Jun.25.2014 — Appellate, Privacy, Technology, and White Collar Law360

Los Angeles-based White Collar & Regulatory Enforcement partner and chair of the firm's Trial Practice, Janet Levine, tells Law360 the significance of the decision made by the Supreme Court on June 25 which states that in most circumstances law enforcement officers cannot search information on a detained suspect's cellphone without a warrant. Specifically, Levine says, "In an unexpectedly sweeping opinion, a nearly united Supreme Court recognized the Fourth Amendment's protection for digital privacy. Chief Justice Roberts' opinion is grounded on the Founders' abhorrence of general warrants and unparticularized intrusions into our private lives.

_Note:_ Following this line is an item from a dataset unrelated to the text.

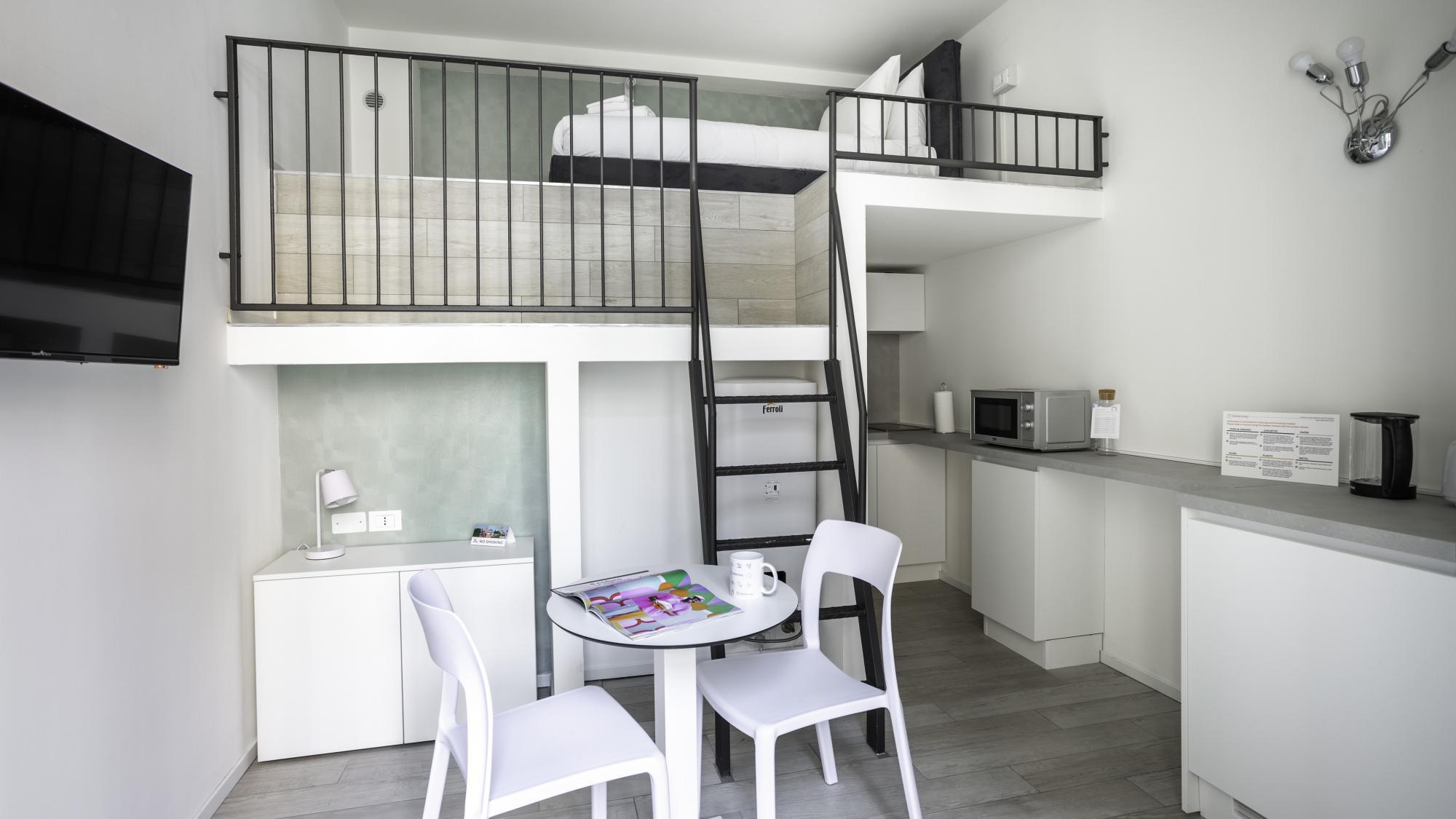 hob and microwave. The sleeping area is equipped with a comfortable single
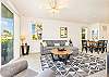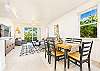 この居心地の良いヴィラに足を踏み入れれば、すぐにくつろいだ気分になるでしょう。オープンコンセプトのリビングスペースは、リラックスしたり、ゲストと過ごしたり、アイランドライフを満喫するのに最適です。快適なシーティングエリアは、6人掛けの大きなダイニングテーブルへと続き、ご家族でのお食事やご友人との集まりに最適です。設備の整ったキッチンには、最新の家電製品、広々としたレイアウト、そして2脚の椅子を備えたアイランドキッチンが備わっています。料理、会話、そしてゆったりとした食事が楽しめる、そんなキッチンです。

It highlights the pervasiveness of cell-phone — 'minicomputer' — use, as well as the volume and breadth of data, current and historical, accessible through such devices. Continuing the sea-change started with Justice Sotomayor's concurrence in Jones, and citing to John Adams, the court voices deep concern about providing law enforcement warrantless windows into our lives, and skepticism about the government's officer-safety and risk-of-evidence-destruction rationales. Recognizing the revolutionary nature of modern technology, the court affirms that cell phones are different and tells the government the answer to its concerns is 'simple' — get a warrant."